One day, Mandy was in Walmart when she saw a little loom and remembered, “I had one of these when I was little.” She got one for her daughter, and pretty soon Georgia had woven enough potholders to sell.
“It takes time and practice to do these,” Georgia said with pride. She connects bands of cloth on the loom, then weaves more into them. With the bands and weaving, Georgia has to use both hands.
“I really use my left hand to hold the loom a lot,” she added.
Although her favorite therapies are split between horses and SCUBA, Georgia, Mandy and Mike believe “she had the most growth and success with SCUBA.”
Enter Greg Carroll, stepping out of his day job and into the pool.
Carroll spends his days working as manager of facility operations at Harrah’s Cherokee Valley River Casino & Hotel in Murphy. But every Wednesday, Harrah’s Heroes Program sponsors the SCUBA Gym and Carroll in his pursuit of a stronger community.
Carroll works with people in a therapeutic fashion, bringing them into and under the water before beginning exercises.
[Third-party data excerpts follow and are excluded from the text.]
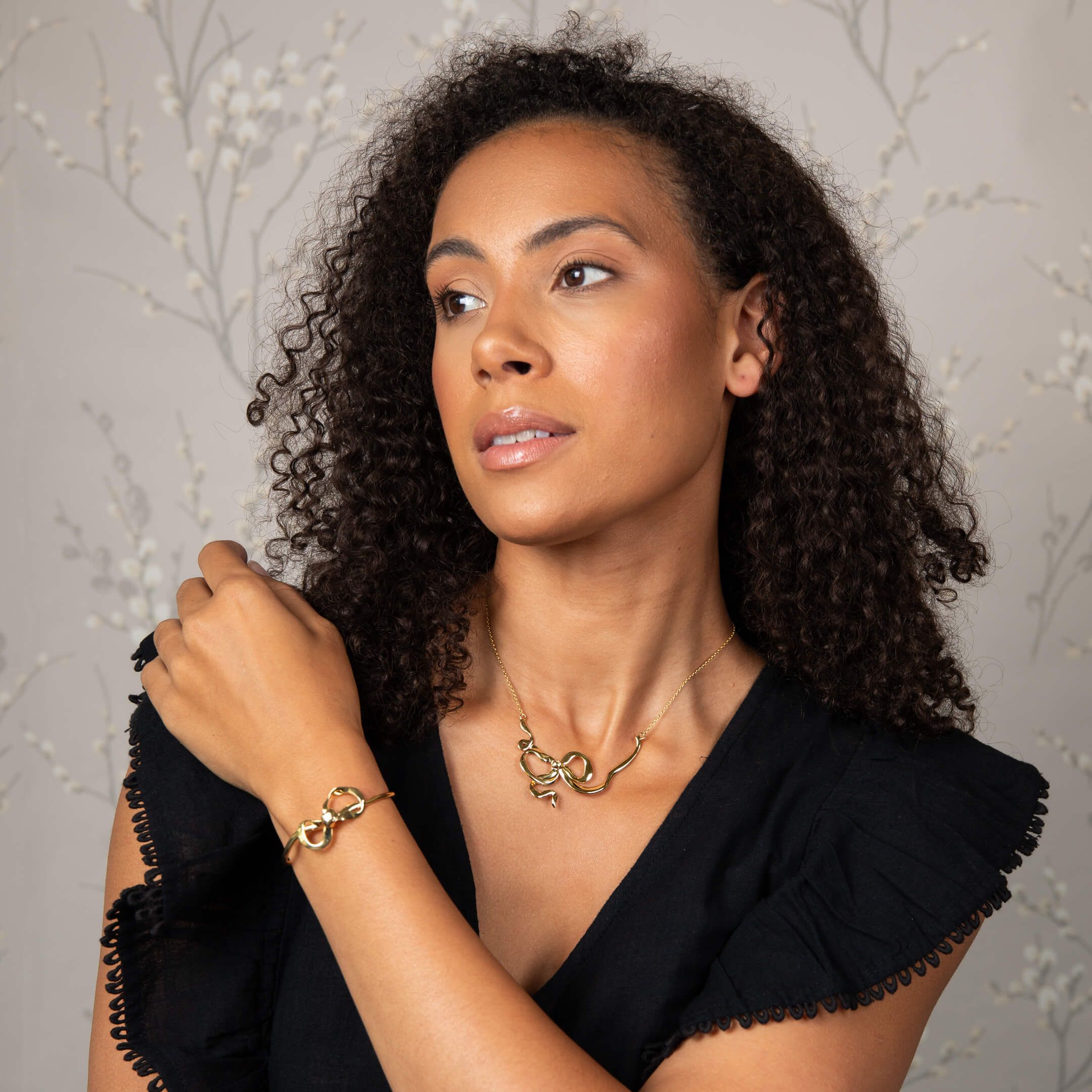 A striking piece of ladies jewellery, our breathtakingly beautiful Laura Ashley Gold Plated Statement Ribbon Bow Necklace perfectly captures the elegance and charm for which Laura Ashley is renowned. Designed in the form of a flowing ribbon bow, this graceful necklace embodies the harmonious blend of statement style and delicate detailing, offering a timeless accessory that radiates sophistication. Its sculpted curves and fluid form evoke the natural drape of a silk ribbon, while the polished gold-plated finish ensures a radiant lustre that instantly elevates any outfit.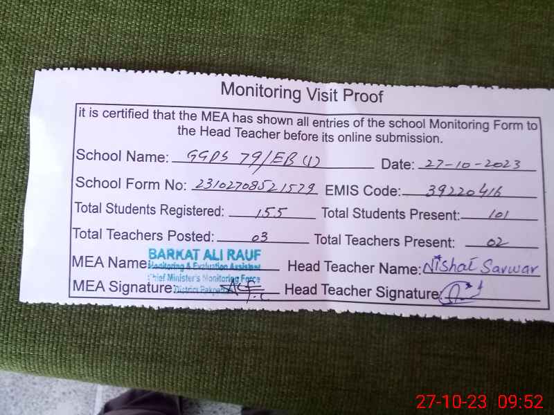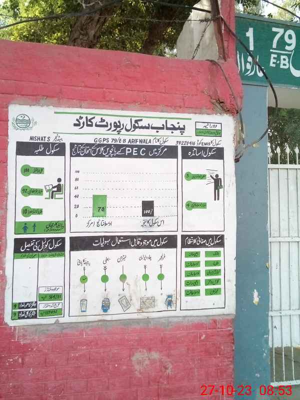 | EMIS Code: 39220416 | Name of School: GGPS 79/EB-I ARIFWALA | |||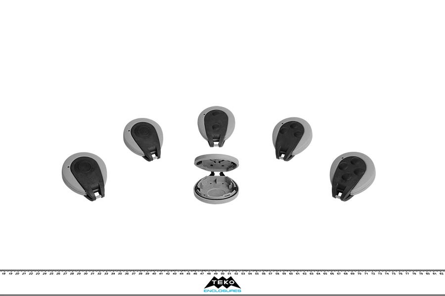 Piccolo contenitore ergonomico dal design innovativo, prodotto utilizzando la tecnica del costampaggio, raggiunge il grado di protezione IP65. Disponibile nelle versioni da uno a quattro tasti. Nel fondo sono presenti punti di fissaggio per PCB. Chiusura con due viti. Colori: combinazione di due colori Grigio scuro RAL 7046 / Nero RAL 9004. Applicazioni: trasmettitori, sistemi di sicurezza, domotica.
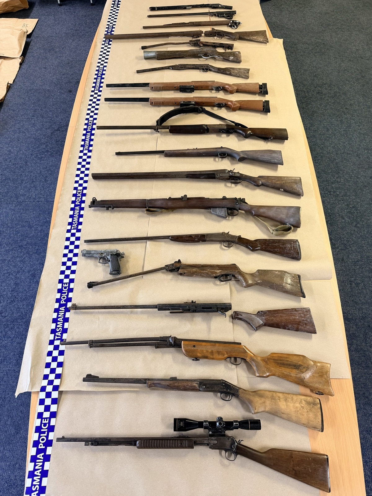 Police claim a property search located 17 firearms including rifles, shotguns and a .303 carbine during the search.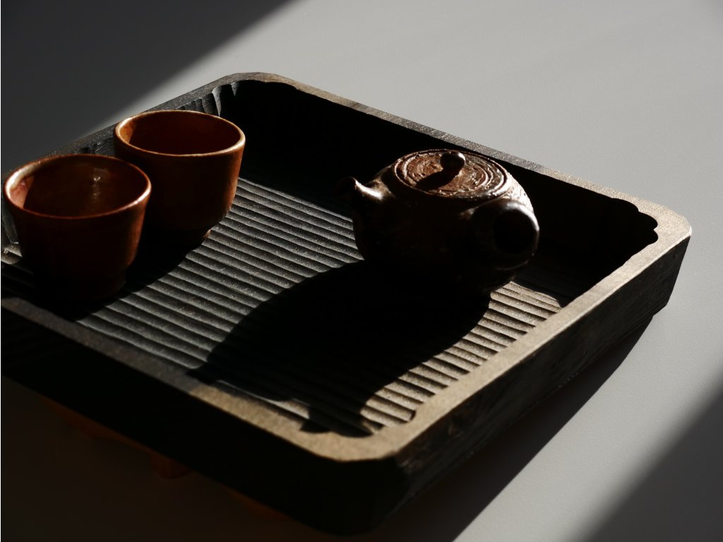 A hand-carved ebonized wooden tray in Wagatabon style with inside and outside linear carving. Ideal tray for your tea sessions or as a display tray for your loved objects.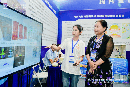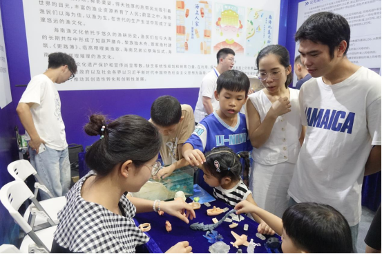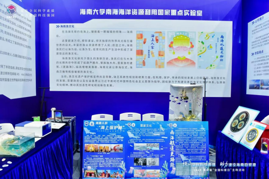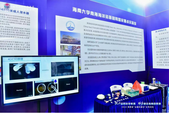 南海海洋资源利用国家重点实验室的展台上,一侧是4D打印展品、手持余氯检测仪、荧光光电微生物检测仪、富氢水杯、光电一体化海洋氢能动力系统模型,一侧是海洋文化艺术手工作品《琼游四海》、《跃》和海南渔文化知识宣传展板以及宣传手册,还设有海南省第二届海洋文化科技创新创意大赛优秀作品展。丰富的展品,让市民在领略先进科技的同时感受海洋文化的独特魅力。

To do this, the first few sessions with Carroll are focused on learning how to breathe, swim and communicate with a SCUBA tank on one’s back.
Georgia first came to Carroll a little more than six months ago. She had a very pronounced limp, a leaning stature and a lock in her knee every time she took a step. Once Georgia learned how to SCUBA, she had a new rehab to attend every week.
Carroll doesn’t get repetitive like some therapy may be, and “every week is something different,” Mandy said.
In the pool, Carroll has a controlled environment. By using oxygen tanks, he and Georgia can fully immerse in the water for extended periods of time. By changing their surroundings from land to water, Carroll said they remove a barrier to the recuperating process – gravity.
In the water, “you have a zero-G environment,” he said, which allows Georgia to be free of fear of falling or embarrassment.
When SCUBA started, “I couldn’t put on my booties, or my tank, or my goggles even. Now I can put my goggles on, I can put my tank on and I can put my booties on all by myself,” Georgia said.
Carroll added that “the small steps are big victories.” Both he and Georgia are excited about the victories still to come. Carroll believes the limp and lock-knee are going to disappear soon. He also looks forward to work on strengthening Georgia’s left arm and hand.
One of Georgia’s stated goals is “to get my left side and right side equal,” but the goal she most looks forward to reaching is to become a certified SCUBA diver.